Feb. 10 (Bloomberg) -- German stocks dropped the most in six weeks after euro-area finance ministers held back further financial aid for Greece and the leader of one of the country’s political parties said he won’t vote for the austerity plan.

Commerzbank AG dropped 5.2 percent and Deutsche Bank AG lost 4 percent after euro-region finance ministers delayed the Greek loan package. ThyssenKrupp AG declined 3.9 percent after Nomura Holdings Inc. downgraded Europe’s steel industry. Deutsche Lufthansa AG decreased 3 percent.

The DAX Index lost 1.4 percent to 6,692.96 at the close in Frankfurt for the biggest drop since Dec. 28. The DAX declined 1.1 percent this week. The broader HDAX Index fell 1.3 percent, slipping for the fourth day in five.

“It is maybe a little bit of disappointment in the sector that the Greek package has not been signed yesterday,” Neil Smith, analyst at West LB AG in Dusseldorf said.

Greece has missed its debt-cutting targets, German Finance Minister Wolfgang Schaeuble told lawmakers today, intensifying pressure on Greek politicians to deliver on austerity promises.

Greece must pass its latest package of cuts into law and identify 325 million euros ($429 million) in spending reductions before the euro area will endorse a second bailout, Luxembourg’s Prime Minister Jean-Claude Juncker said. Laos Party leader George Karatzaferis said that the austerity package humiliated Greece.

Bank Decline

Commerzbank dropped 5.2 percent to 2.06 euros and Deutsche Bank fell 4 percent to 33.47 euros, as a gauge of European lenders contributed the most to the Stoxx Europe 600 Index’s slide today. Germany’s second-largest lender, which surged 40 percent in January, dropped as much as 10 percent to 1.95 euros earlier today.

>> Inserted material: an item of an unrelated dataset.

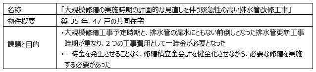 一定の要件(①25年以上の長期修繕計画に基づく修繕積立金額を設定していること②修繕積立金額が長期修繕計画額と概ね一致するもしくは計画より余裕があること③ライフサイクルコストの低減につながる長寿命化改修であること④新たな技術の導入や工期短縮に資する工法の工夫があること等)を満たすマンションにおいて長寿命化に向けて先導性が高く創意工夫を含む改修や修繕の取組として認められる事業

ThyssenKrupp sank 3.9 percent to 21.97 euros, after the European steel sector was cut to “neutral” at Nomura after a 32 percent rally since its low in November.

Lufthansa fell 3 percent to 10.72 euros, after Equinet Bank AG cut the airline to “hold” from “accumulate.” Deutsche Lufthansa said yesterday that the number of passengers rose 4 percent to 5.05 million in January.

Rhoen-Klinikum AG dropped 3 percent to 14.80 euros after dpa-AFX reported that the company has held talks to privatize eight hospitals with a total of 3,900 beds, citing Chief Financial Officer Erik Hamann.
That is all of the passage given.